Suitability map for locating a solid waste landfill in the Province of Fez

The suitability map provides valuable information for decision-makers and stakeholders to identify suitable locations for landfill sites considering environmental, social, and economic factors. It also highlights the importance of using advanced spatial analysis tools, such as GIS and AHP, to support decision-making processes in solid waste management.

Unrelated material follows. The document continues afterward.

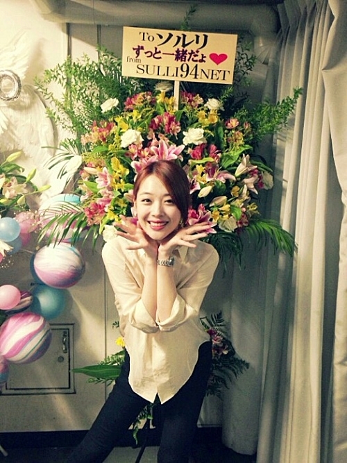걸그룹 에프엑스 설리는 지난 11일 오후 자신의 미투데이에 "오늘 너무 즐거운 시간이었죠? 일본팬 여러분과 함께할 수 있어서 정말 기분 좋았어요. 다음에 또 이런 시간 가졌으면.. 영원히 함께해요"라는 글과 함께 사진 한 장을 게재했다.

Several significant implications and applications arise from this research. By better understanding the factors influencing the landfill situation in the province of Fez, the results of this study can also be used to identify high-risk areas, enabling appropriate preventive measures to be put in place. In addition, our methodology can be adapted to other environmental problems, providing a replicable model for similar assessments in different regions. Ultimately, the research aims to contribute to the protection of the environment, the preservation of public health, and the well-being of the inhabitants of Fez by providing usable information for more effective waste management.

4 Conclusion

The results of this study indicate that integrating GIS with the AHP technique is a feasible strategy for determining appropriate sites for solid waste disposal facilities. The findings indicate that the proximity of residential areas, surface water, and road networks are the primary variables to consider while determining a landfill location. The regions towards the province's south and southeast have been identified as the most suitable locations for establishing a landfill. Conversely, the north and northwest regions, encompassing urban areas, parks, and gardens, have been deemed less appropriate. In addition, integrating a Geographic Information System (GIS) and Analytical Hierarchy Process (AHP) can facilitate decision-making by prioritizing and evaluating diverse social, environmental, and economic factors. This approach can lead to the identification of optimal landfill sites, as they minimize the adverse effects on the environment and society. The evaluations of specialists in environmental and socio-economic domains who participate in the decision-making process may impact the outcomes of appraisal models that rely on the Analytic Hierarchy Process (AHP) technique. The present study’s outcomes can provide significant perspectives to policymakers in the Moroccan province of Fez and other territories facing similar difficulties in managing solid waste. The methodology proposed in this investigation has the potential to make a valuable contribution to the advancement of sustainable development by ensuring the optimal siting of waste disposal sites while simultaneously reducing negative ecological and health consequences.